ASSIGNMENT.
Pictures in the data should be dropped; transcribe exactly the lines from the one that has "Tarjoile hirven tournedos" through the one that has "304不锈钢腔体,带有水冷夹".

DATA SECTION.
*-*-*

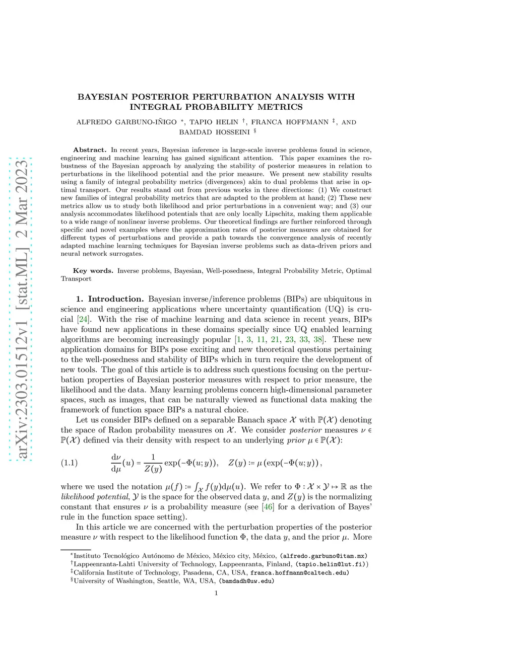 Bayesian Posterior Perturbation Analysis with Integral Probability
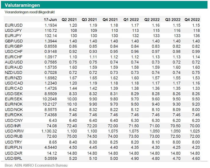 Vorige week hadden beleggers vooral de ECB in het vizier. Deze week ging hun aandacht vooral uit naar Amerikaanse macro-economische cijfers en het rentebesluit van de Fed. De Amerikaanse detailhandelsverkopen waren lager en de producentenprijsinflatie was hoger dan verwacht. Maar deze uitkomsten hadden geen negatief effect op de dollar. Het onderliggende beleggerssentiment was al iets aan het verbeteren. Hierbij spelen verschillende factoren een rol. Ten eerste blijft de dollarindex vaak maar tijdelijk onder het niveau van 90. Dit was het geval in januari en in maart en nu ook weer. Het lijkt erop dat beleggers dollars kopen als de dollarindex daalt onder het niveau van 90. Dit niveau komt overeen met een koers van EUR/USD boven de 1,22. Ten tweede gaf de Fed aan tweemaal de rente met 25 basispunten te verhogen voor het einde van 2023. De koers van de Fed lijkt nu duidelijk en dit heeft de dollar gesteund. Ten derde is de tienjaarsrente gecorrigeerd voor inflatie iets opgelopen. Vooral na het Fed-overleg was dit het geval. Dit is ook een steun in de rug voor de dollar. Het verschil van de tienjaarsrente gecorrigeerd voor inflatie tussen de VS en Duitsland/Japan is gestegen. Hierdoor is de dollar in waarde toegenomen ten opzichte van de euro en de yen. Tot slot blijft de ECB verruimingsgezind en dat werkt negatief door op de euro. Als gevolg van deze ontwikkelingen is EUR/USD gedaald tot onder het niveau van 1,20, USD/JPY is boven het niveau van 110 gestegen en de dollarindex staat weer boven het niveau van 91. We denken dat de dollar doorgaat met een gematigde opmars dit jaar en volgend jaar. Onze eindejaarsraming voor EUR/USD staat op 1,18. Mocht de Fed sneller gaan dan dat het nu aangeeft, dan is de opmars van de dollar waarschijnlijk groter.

*-*-*

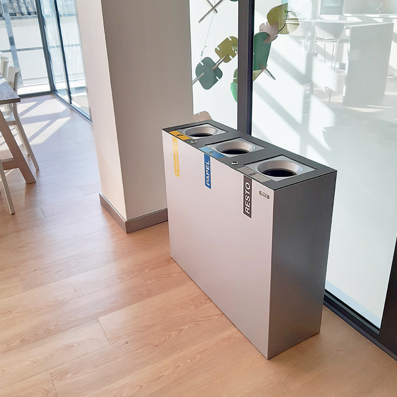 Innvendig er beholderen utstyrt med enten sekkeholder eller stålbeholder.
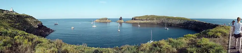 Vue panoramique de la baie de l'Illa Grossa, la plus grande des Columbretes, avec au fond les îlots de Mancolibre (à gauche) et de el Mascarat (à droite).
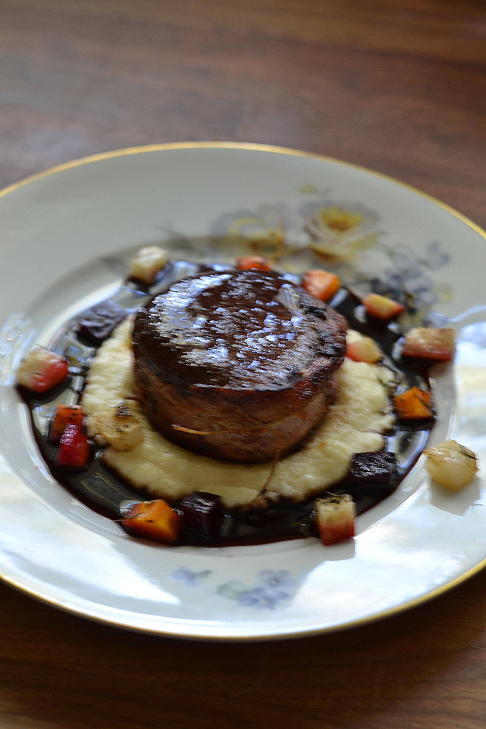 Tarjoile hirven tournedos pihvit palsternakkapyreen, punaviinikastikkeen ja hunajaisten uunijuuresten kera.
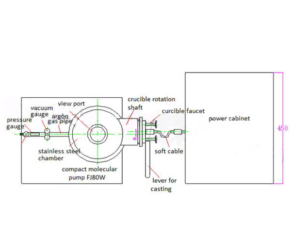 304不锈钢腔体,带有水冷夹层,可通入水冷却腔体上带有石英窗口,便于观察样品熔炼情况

*-*-*

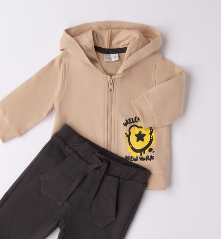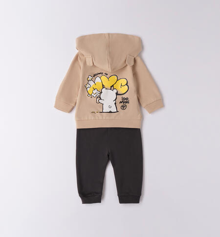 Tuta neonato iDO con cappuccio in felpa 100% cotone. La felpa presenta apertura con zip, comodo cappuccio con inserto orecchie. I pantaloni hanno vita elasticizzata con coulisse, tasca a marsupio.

*-*-*

YOUR RESPONSE.
 Tarjoile hirven tournedos pihvit palsternakkapyreen, punaviinikastikkeen ja hunajaisten uunijuuresten kera.
 304不锈钢腔体,带有水冷夹层,可通入水冷却腔体上带有石英窗口,便于观察样品熔炼情况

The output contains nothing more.